Something is wrong here. I woke up my machine from suspend-to-RAM this morning
and saw that a completely idle machine had a loadavg of ~7. According to my
monitoring system this happened to be the loadavg right before I suspended.
I've reverted this, rebooted, created a loadavg >0, suspended and after wake up
loadavg again correctly ranges between 0 and whatever, as expected.

-h

2020-06-25 10:09:40

by Vincent Guittot

[permalink] [raw]
Subject: Re: [PATCH] sched/cfs: change initial value of runnable_avg

On Thu, 25 Jun 2020 at 11:24, Holger Hoffstätte
<[email protected]> wrote:
>
> On 2020-06-24 17:44, Vincent Guittot wrote:
> > Some performance regression on reaim benchmark have been raised with
> > commit 070f5e860ee2 ("sched/fair: Take into account runnable_avg to classify group")
> >
> > The problem comes from the init value of runnable_avg which is initialized
> > with max value. This can be a problem if the newly forked task is finally
> > a short task because the group of CPUs is wrongly set to overloaded and
> > tasks are pulled less agressively.
> >
> > Set initial value of runnable_avg equals to util_avg to reflect that there
> > is no waiting time so far.
> >
> > Fixes: 070f5e860ee2 ("sched/fair: Take into account runnable_avg to classify group")
> > Reported-by: kernel test robot <[email protected]>
> > Signed-off-by: Vincent Guittot <[email protected]>
> > ---
> > kernel/sched/fair.c | 2 +-
> > 1 file changed, 1 insertion(+), 1 deletion(-)
> >
> > diff --git a/kernel/sched/fair.c b/kernel/sched/fair.c
> > index 0424a0af5f87..45e467bf42fc 100644
> > --- a/kernel/sched/fair.c
> > +++ b/kernel/sched/fair.c
> > @@ -806,7 +806,7 @@ void post_init_entity_util_avg(struct task_struct *p)
> > }
> > }
> >
> > - sa->runnable_avg = cpu_scale;
> > + sa->runnable_avg = sa->util_avg;
> >
> > if (p->sched_class != &fair_sched_class) {
> > /*
> >
>
> Something is wrong here. I woke up my machine from suspend-to-RAM this morning
> and saw that a completely idle machine had a loadavg of ~7. According to my

Just to make sure: Are you speaking about loadavg that is output by
/proc/loadavg or load_avg which is the PELT load ?
The output of /proc/loadavg hasn't any link with runnable_avg. The 1st
one monitors nr_running at 5 sec interval whereas the other one is a
geometrics series of the weight of runnable tasks with a half time of
32ms

> monitoring system this happened to be the loadavg right before I suspended.
> I've reverted this, rebooted, created a loadavg >0, suspended and after wake up
> loadavg again correctly ranges between 0 and whatever, as expected.

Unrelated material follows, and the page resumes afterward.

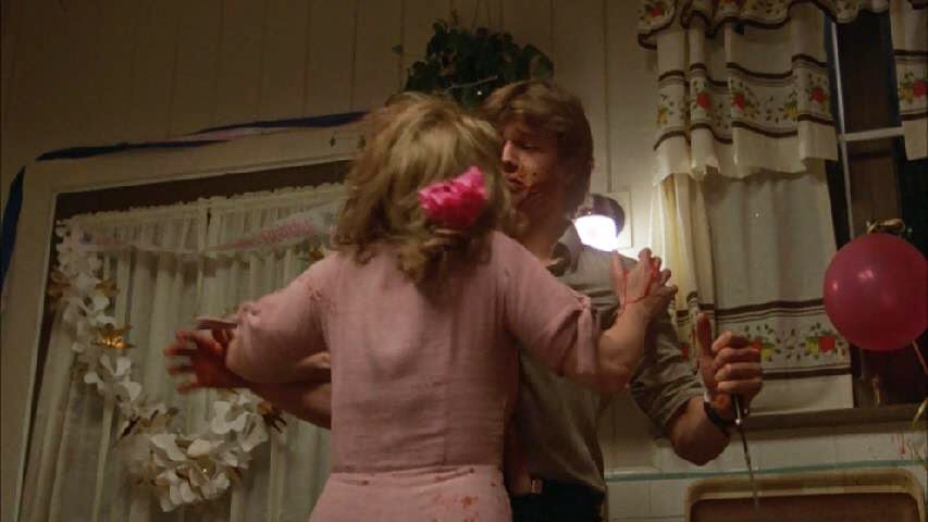 Probably my favorite character is the nose neighbor, Margie. She’s snappy, brass and always lurking around. She arrives with her husband to celebrate Billy’s birthday, but instead gets to sit awkwardly as all of this continues to go down. I should mention that when Margie walks in, Cheryl switches her gross, bloody grabbiness to her instead, ruining her dress. The cops arrive, and we get a classic good cop/bad cop. The latter berates them all, as he poo poo’s rape theories, and he tries to pin it on Billy. Then he starts to question Billy and Aunt Cheryl’s relationship, probably because as he stands there, Cheryl is wrapped around his arm like she wants to be ravaged by him.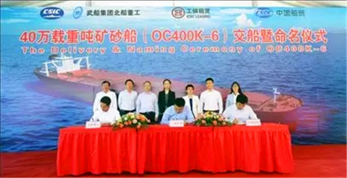 40万载重吨矿砂船6号船交船暨命名仪式在北船重工造船8号码头举行。北船重工副总经理于宝月主持仪式,武昌船舶重工集团有限公司党委委员、北船重工总经理王国海和工银金融租赁有限公司资产管理部负责人戴琳先后致辞。

I'm not sure to catch why ~7 is bad compared to correctly ranges
between 0 and whatever. Isn't ~7 part of the whatever ?

Vincent

>
> -h

2020-06-25 10:45:07

by Holger Hoffstätte

[permalink] [raw]
Subject: Re: [PATCH] sched/cfs: change initial value of runnable_avg

On 2020-06-25 11:56, Vincent Guittot wrote:
> On Thu, 25 Jun 2020 at 11:24, Holger Hoffstätte
> <[email protected]> wrote:
>>
>> On 2020-06-24 17:44, Vincent Guittot wrote:
>>> Some performance regression on reaim benchmark have been raised with
>>> commit 070f5e860ee2 ("sched/fair: Take into account runnable_avg to classify group")
>>>
>>> The problem comes from the init value of runnable_avg which is initialized
>>> with max value. This can be a problem if the newly forked task is finally
>>> a short task because the group of CPUs is wrongly set to overloaded and
>>> tasks are pulled less agressively.
>>>
>>> Set initial value of runnable_avg equals to util_avg to reflect that there
>>> is no waiting time so far.
>>>
>>> Fixes: 070f5e860ee2 ("sched/fair: Take into account runnable_avg to classify group")
>>> Reported-by: kernel test robot <[email protected]>
>>> Signed-off-by: Vincent Guittot <[email protected]>
>>> ---
>>> kernel/sched/fair.c | 2 +-
>>> 1 file changed, 1 insertion(+), 1 deletion(-)
>>>
>>> diff --git a/kernel/sched/fair.c b/kernel/sched/fair.c
>>> index 0424a0af5f87..45e467bf42fc 100644
>>> --- a/kernel/sched/fair.c
>>> +++ b/kernel/sched/fair.c
>>> @@ -806,7 +806,7 @@ void post_init_entity_util_avg(struct task_struct *p)
>>> }
>>> }
>>>
>>> - sa->runnable_avg = cpu_scale;
>>> + sa->runnable_avg = sa->util_avg;
>>>
>>> if (p->sched_class != &fair_sched_class) {
>>> /*
>>>
>>
>> Something is wrong here. I woke up my machine from suspend-to-RAM this morning
>> and saw that a completely idle machine had a loadavg of ~7. According to my
>
> Just to make sure: Are you speaking about loadavg that is output by
> /proc/loadavg or load_avg which is the PELT load ?

/proc/loadavg

>> monitoring system this happened to be the loadavg right before I suspended.
>> I've reverted this, rebooted, created a loadavg >0, suspended and after wake up
>> loadavg again correctly ranges between 0 and whatever, as expected.
>
> I'm not sure to catch why ~7 is bad compared to correctly ranges
> between 0 and whatever. Isn't ~7 part of the whatever ?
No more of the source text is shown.